Provided records: Begin
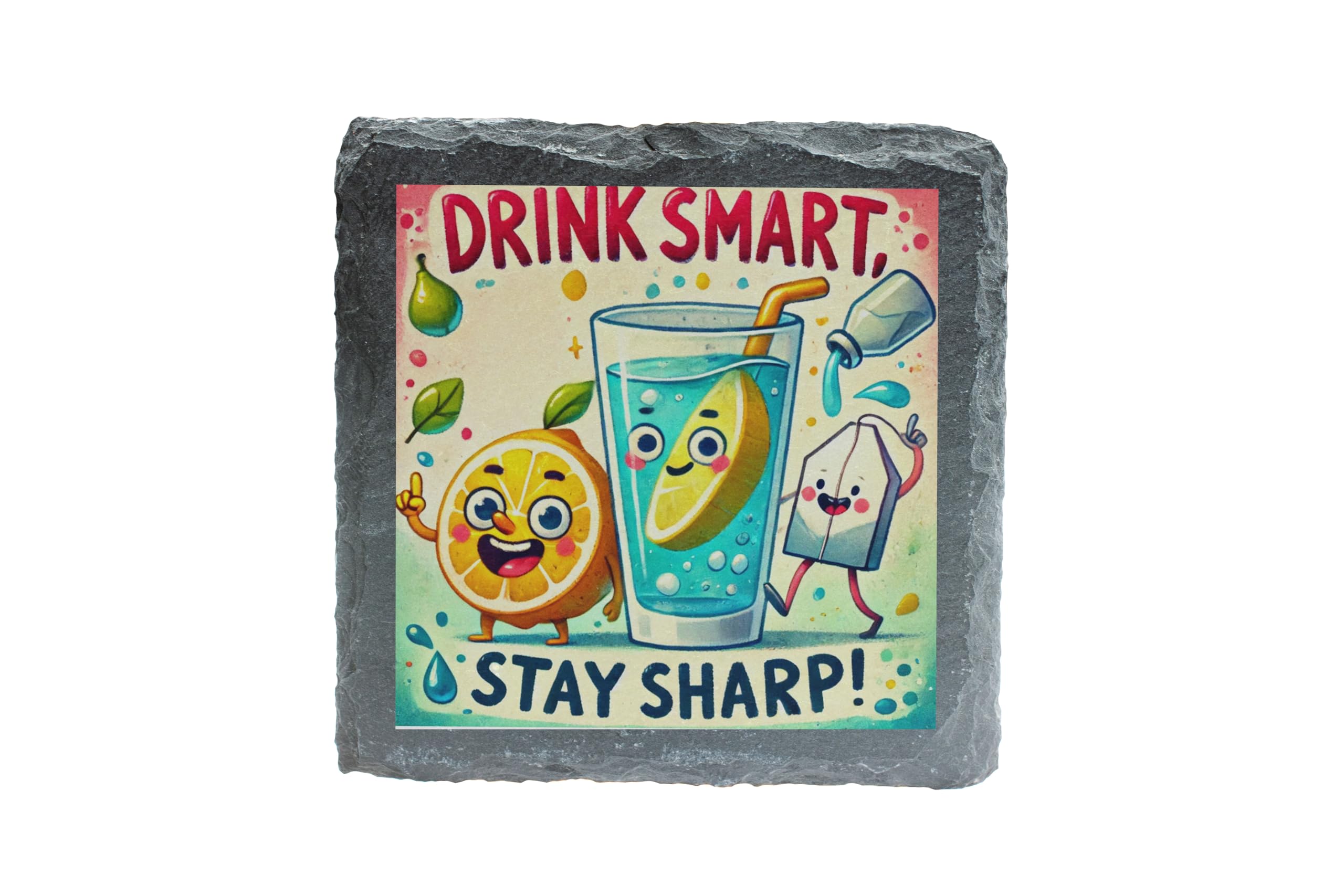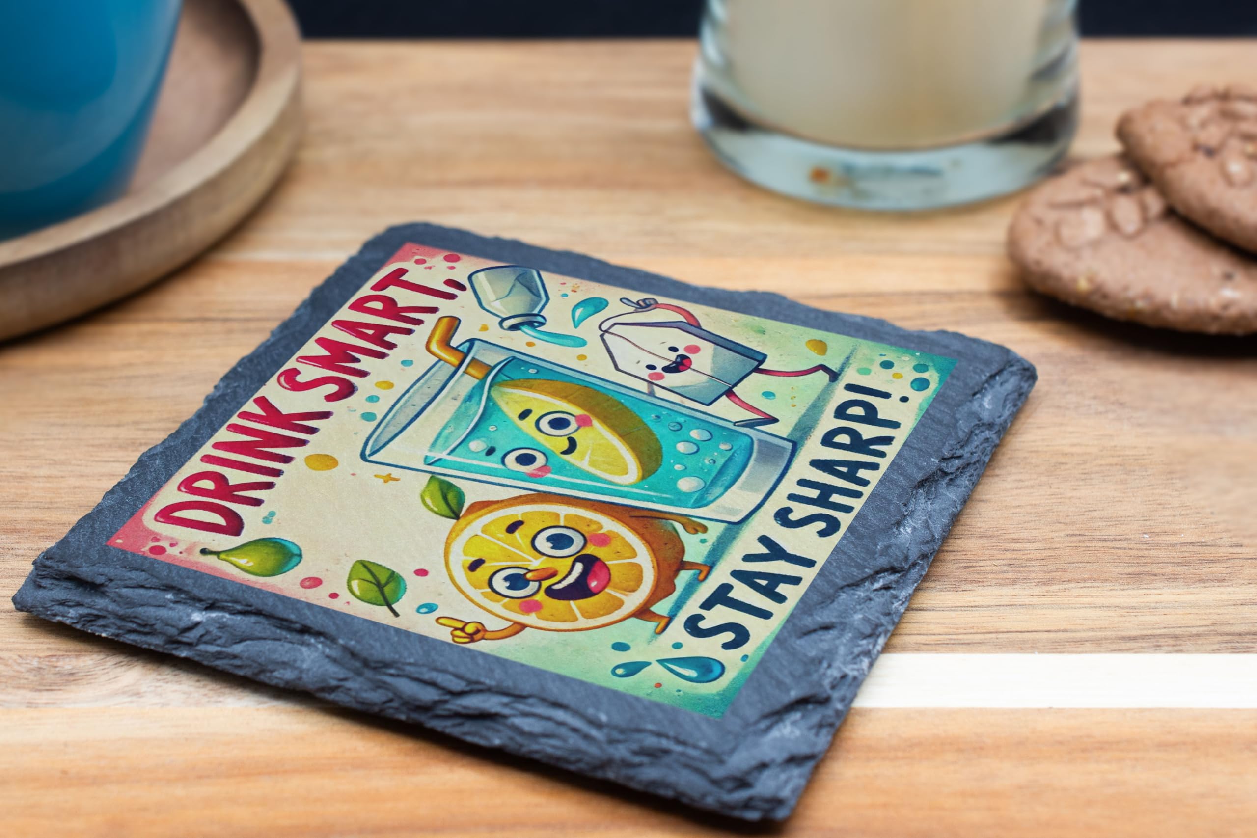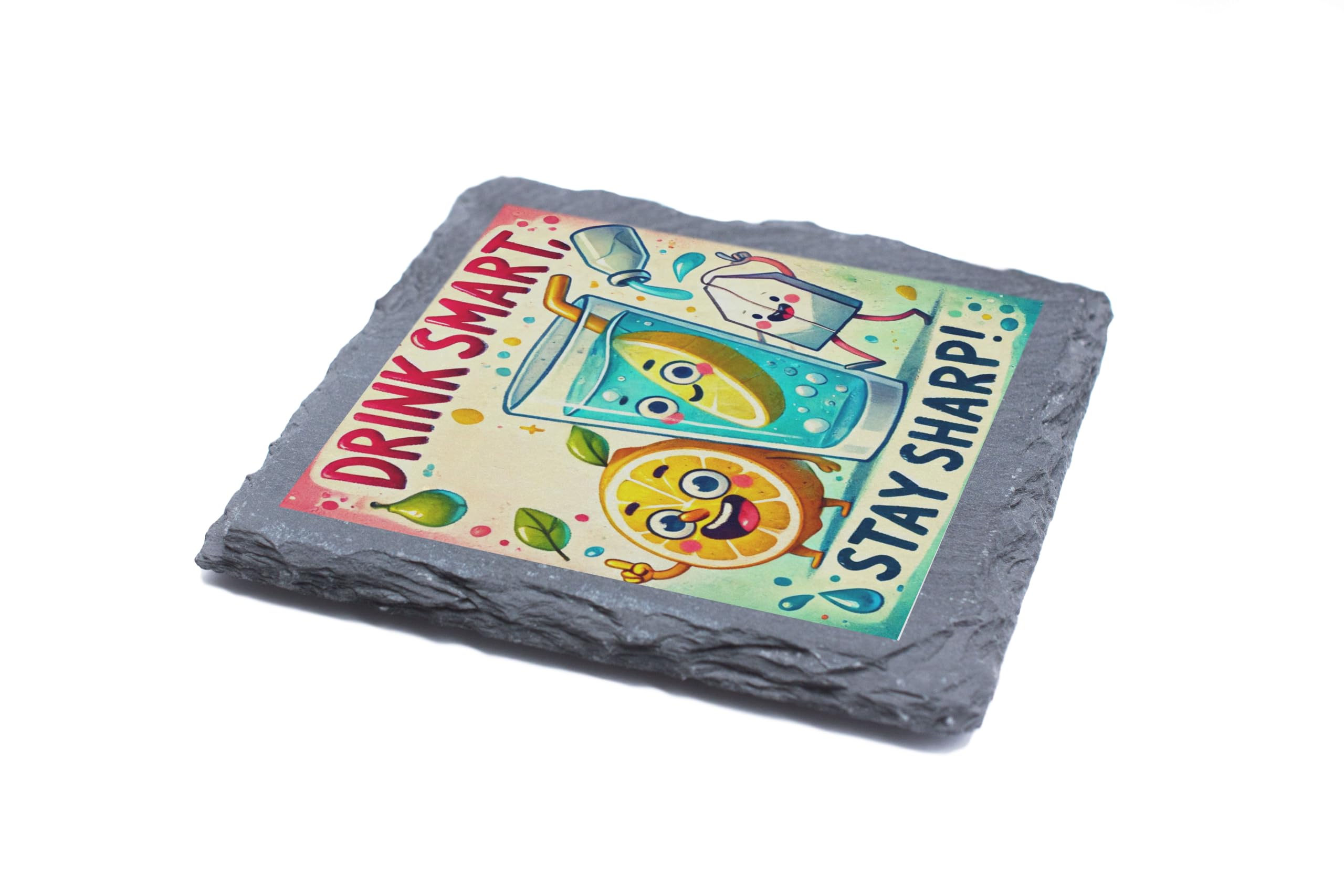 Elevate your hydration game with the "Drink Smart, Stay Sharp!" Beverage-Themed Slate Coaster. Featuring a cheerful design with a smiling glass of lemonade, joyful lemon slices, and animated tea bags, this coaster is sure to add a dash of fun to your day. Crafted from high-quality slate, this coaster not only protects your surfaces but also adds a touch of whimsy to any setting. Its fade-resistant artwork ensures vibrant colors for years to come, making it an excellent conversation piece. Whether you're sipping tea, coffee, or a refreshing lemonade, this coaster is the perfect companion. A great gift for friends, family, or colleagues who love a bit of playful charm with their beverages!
Provided records: End
Provided records: Begin
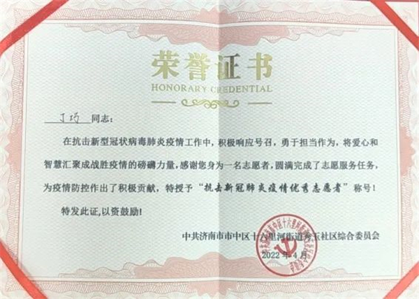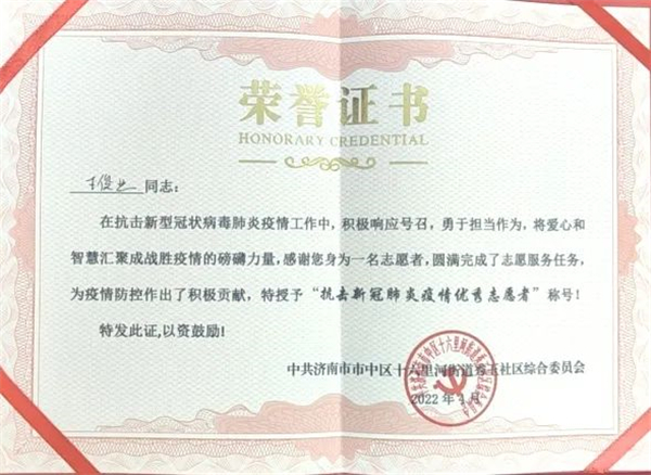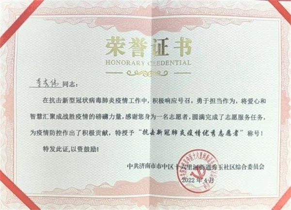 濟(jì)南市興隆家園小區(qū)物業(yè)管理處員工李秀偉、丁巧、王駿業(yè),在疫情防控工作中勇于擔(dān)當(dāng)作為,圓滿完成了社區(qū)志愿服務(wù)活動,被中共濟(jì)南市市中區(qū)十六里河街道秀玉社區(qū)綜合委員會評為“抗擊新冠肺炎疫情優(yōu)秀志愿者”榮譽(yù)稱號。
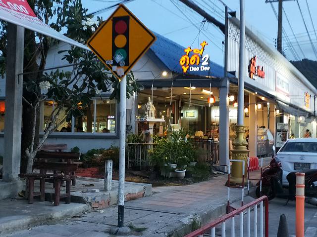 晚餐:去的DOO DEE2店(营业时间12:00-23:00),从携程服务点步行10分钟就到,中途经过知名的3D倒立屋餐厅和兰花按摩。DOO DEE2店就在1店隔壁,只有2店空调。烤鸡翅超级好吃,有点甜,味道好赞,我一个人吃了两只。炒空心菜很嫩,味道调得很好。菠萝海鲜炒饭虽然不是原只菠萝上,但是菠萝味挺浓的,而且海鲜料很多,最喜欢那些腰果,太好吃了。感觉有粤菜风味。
Provided records: End
Provided records: Begin
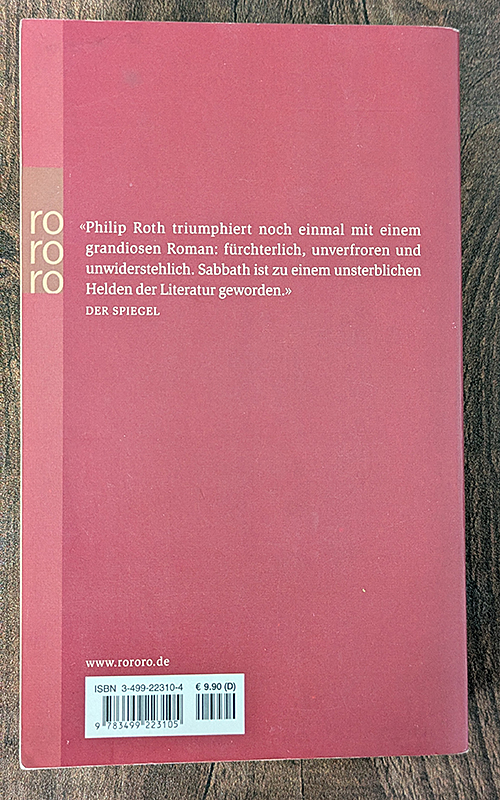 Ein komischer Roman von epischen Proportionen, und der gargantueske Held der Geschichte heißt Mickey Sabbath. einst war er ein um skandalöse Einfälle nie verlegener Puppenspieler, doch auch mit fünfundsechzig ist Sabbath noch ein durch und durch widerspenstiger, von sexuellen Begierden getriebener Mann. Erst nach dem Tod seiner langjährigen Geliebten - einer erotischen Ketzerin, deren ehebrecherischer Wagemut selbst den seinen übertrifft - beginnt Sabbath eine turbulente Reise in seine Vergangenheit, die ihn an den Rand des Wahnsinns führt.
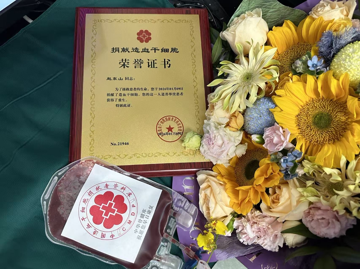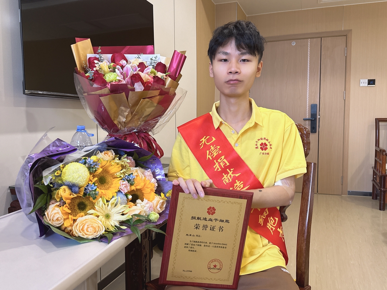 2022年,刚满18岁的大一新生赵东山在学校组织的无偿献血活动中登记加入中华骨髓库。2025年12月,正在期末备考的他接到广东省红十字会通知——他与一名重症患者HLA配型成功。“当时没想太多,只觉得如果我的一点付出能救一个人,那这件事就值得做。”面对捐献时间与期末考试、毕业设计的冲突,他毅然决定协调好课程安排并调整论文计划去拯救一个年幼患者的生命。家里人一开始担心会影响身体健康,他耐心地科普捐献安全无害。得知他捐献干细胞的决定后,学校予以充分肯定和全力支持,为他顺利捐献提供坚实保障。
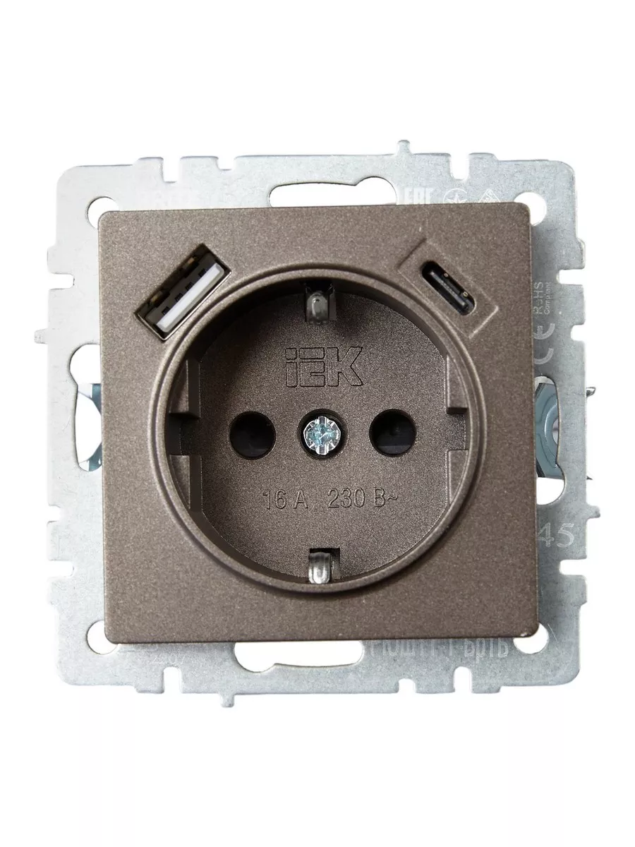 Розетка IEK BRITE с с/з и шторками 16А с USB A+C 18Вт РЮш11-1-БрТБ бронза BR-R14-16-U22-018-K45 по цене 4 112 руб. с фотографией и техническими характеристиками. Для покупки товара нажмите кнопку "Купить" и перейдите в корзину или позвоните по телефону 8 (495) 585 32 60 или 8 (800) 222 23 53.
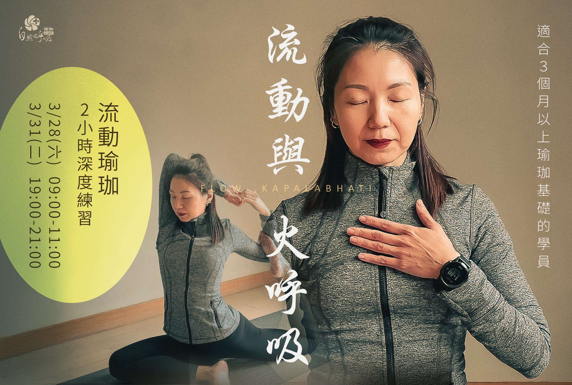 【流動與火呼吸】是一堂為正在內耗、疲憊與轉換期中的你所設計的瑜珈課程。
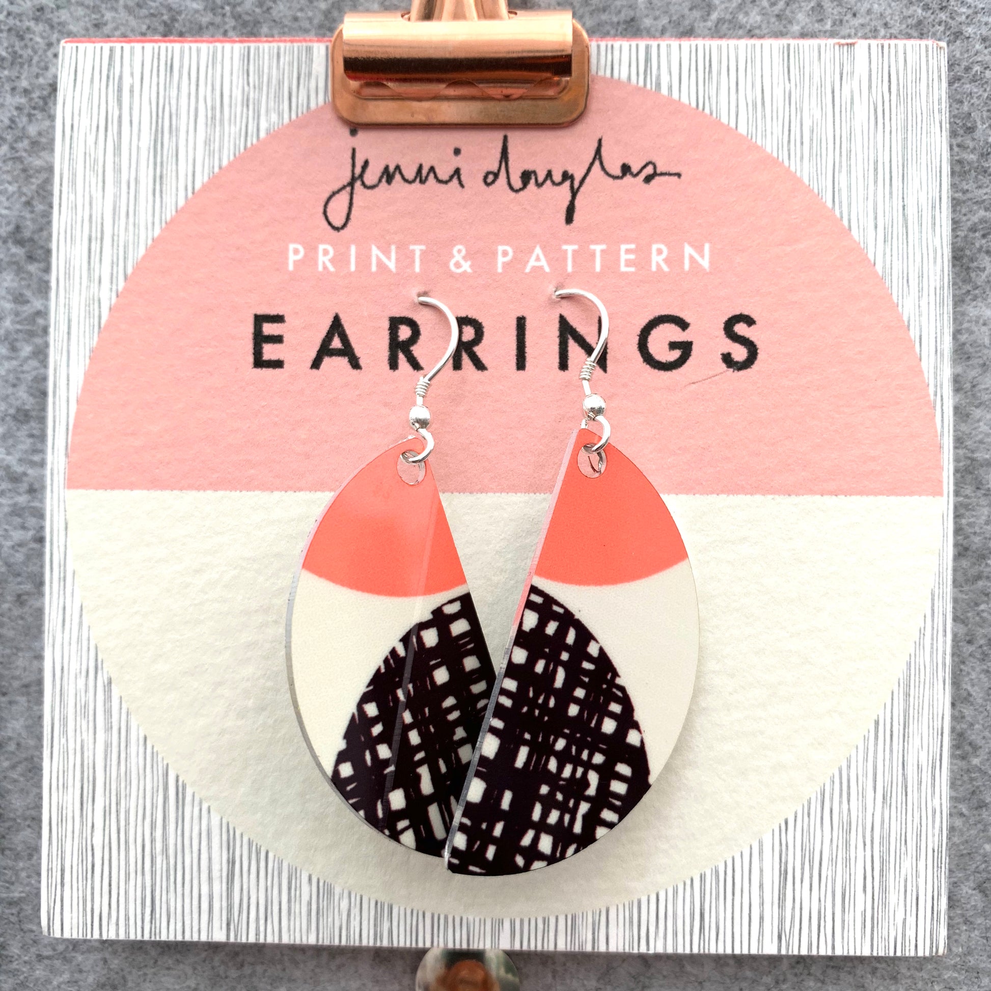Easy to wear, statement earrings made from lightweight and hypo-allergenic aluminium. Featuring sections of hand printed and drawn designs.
Provided records: End
* **Directions for this task**:
Restate word for word every line from the one with "2022年,刚满18岁的大一" up to and including the one with "Easy to wear, statement" in the records above, minus the pictures.

* **Answer**:
 2022年,刚满18岁的大一新生赵东山在学校组织的无偿献血活动中登记加入中华骨髓库。2025年12月,正在期末备考的他接到广东省红十字会通知——他与一名重症患者HLA配型成功。“当时没想太多,只觉得如果我的一点付出能救一个人,那这件事就值得做。”面对捐献时间与期末考试、毕业设计的冲突,他毅然决定协调好课程安排并调整论文计划去拯救一个年幼患者的生命。家里人一开始担心会影响身体健康,他耐心地科普捐献安全无害。得知他捐献干细胞的决定后,学校予以充分肯定和全力支持,为他顺利捐献提供坚实保障。
 Розетка IEK BRITE с с/з и шторками 16А с USB A+C 18Вт РЮш11-1-БрТБ бронза BR-R14-16-U22-018-K45 по цене 4 112 руб. с фотографией и техническими характеристиками. Для покупки товара нажмите кнопку "Купить" и перейдите в корзину или позвоните по телефону 8 (495) 585 32 60 или 8 (800) 222 23 53.
 【流動與火呼吸】是一堂為正在內耗、疲憊與轉換期中的你所設計的瑜珈課程。
Easy to wear, statement earrings made from lightweight and hypo-allergenic aluminium. Featuring sections of hand printed and drawn designs.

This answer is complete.